## WHAT YOU HAVE TO DO
Among the lines below, keep only those from the one containing "Postal son ilustración" through the one containing "VIOと顔を含む全身脱毛5回の施術にかかるトータル費用。", and reproduce them exactly.

## PROVIDED ENTRIES

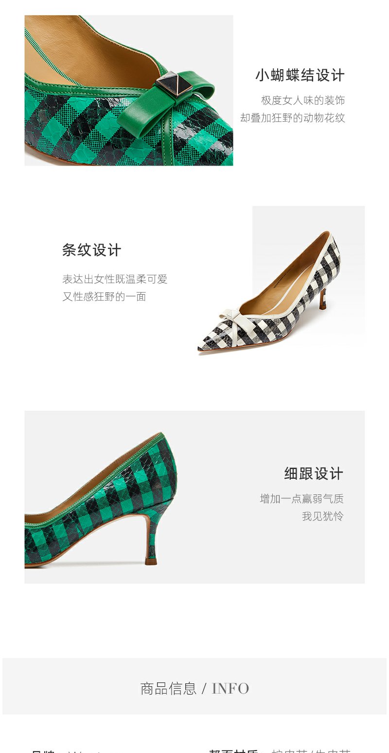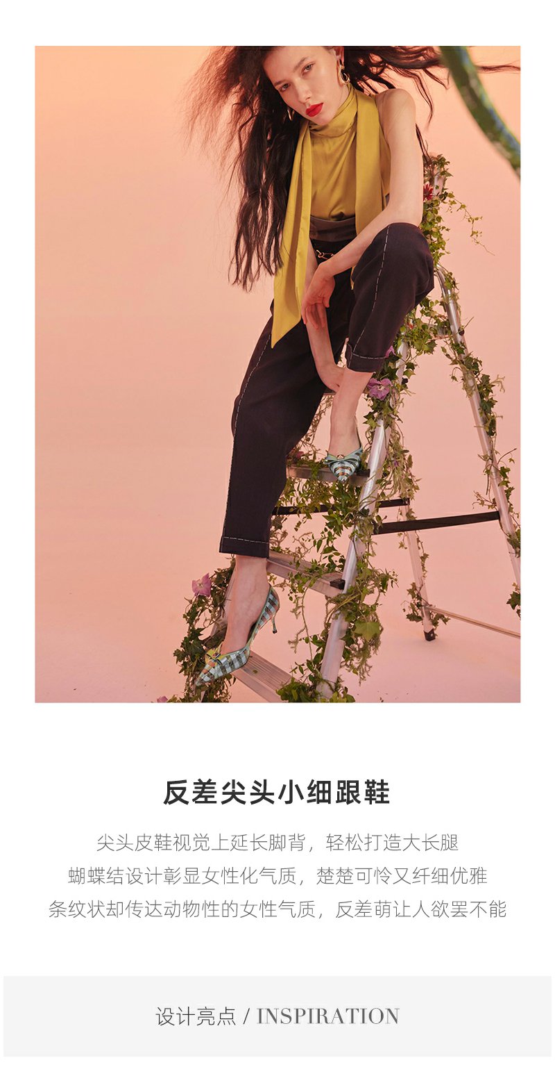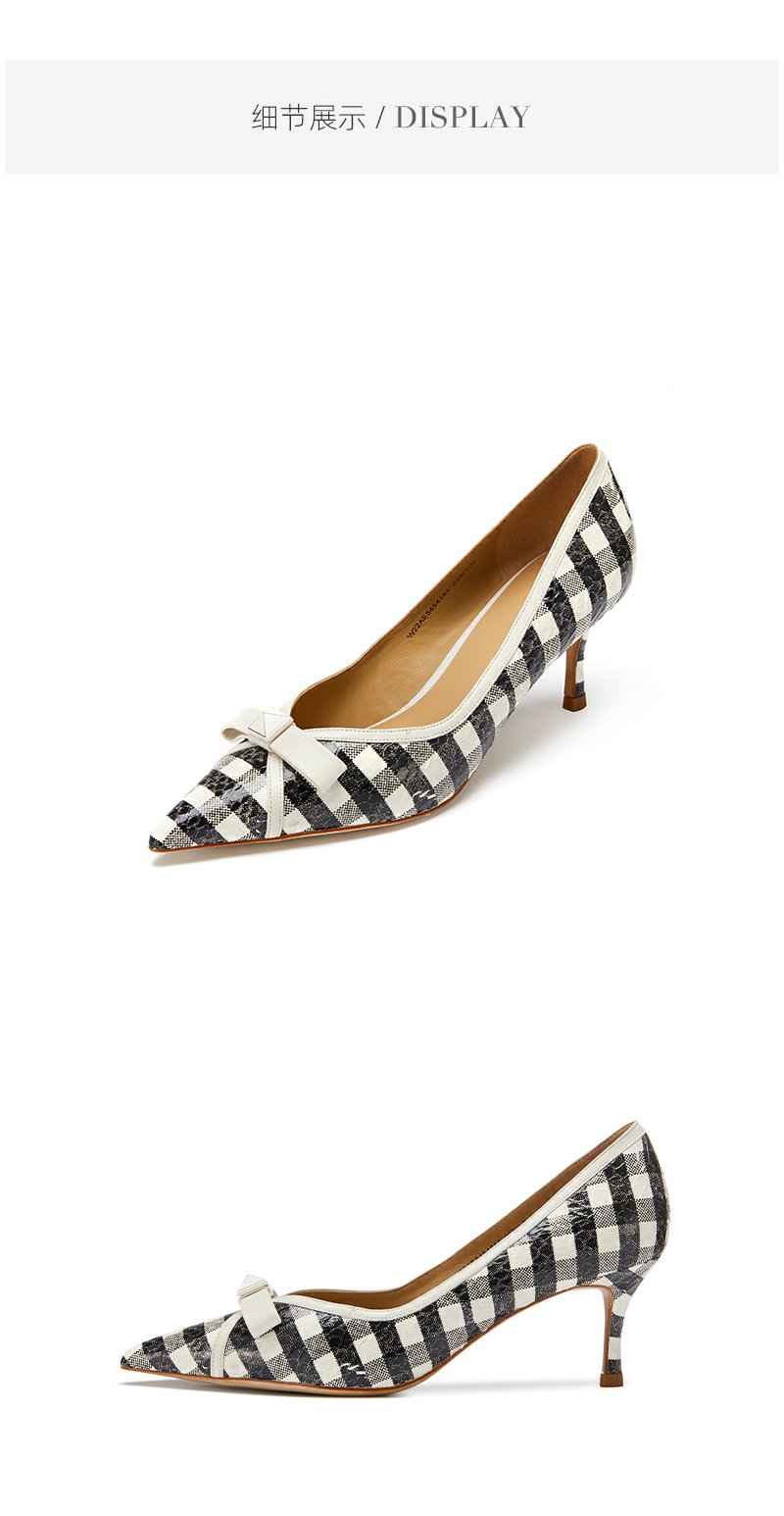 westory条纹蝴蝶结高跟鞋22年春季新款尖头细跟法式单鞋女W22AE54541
* * *
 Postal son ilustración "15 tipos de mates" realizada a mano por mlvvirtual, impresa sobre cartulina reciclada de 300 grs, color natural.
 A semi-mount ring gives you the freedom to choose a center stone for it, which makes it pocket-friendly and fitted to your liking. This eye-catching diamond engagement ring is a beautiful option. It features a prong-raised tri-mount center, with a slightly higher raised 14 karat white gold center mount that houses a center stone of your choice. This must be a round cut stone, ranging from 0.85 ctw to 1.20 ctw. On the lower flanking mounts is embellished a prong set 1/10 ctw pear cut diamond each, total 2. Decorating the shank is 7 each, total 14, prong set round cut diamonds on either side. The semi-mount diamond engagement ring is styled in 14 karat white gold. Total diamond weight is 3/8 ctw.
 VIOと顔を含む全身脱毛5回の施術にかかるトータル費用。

## RESPONSE BOX
 Postal son ilustración "15 tipos de mates" realizada a mano por mlvvirtual, impresa sobre cartulina reciclada de 300 grs, color natural.
 A semi-mount ring gives you the freedom to choose a center stone for it, which makes it pocket-friendly and fitted to your liking. This eye-catching diamond engagement ring is a beautiful option. It features a prong-raised tri-mount center, with a slightly higher raised 14 karat white gold center mount that houses a center stone of your choice. This must be a round cut stone, ranging from 0.85 ctw to 1.20 ctw. On the lower flanking mounts is embellished a prong set 1/10 ctw pear cut diamond each, total 2. Decorating the shank is 7 each, total 14, prong set round cut diamonds on either side. The semi-mount diamond engagement ring is styled in 14 karat white gold. Total diamond weight is 3/8 ctw.
 VIOと顔を含む全身脱毛5回の施術にかかるトータル費用。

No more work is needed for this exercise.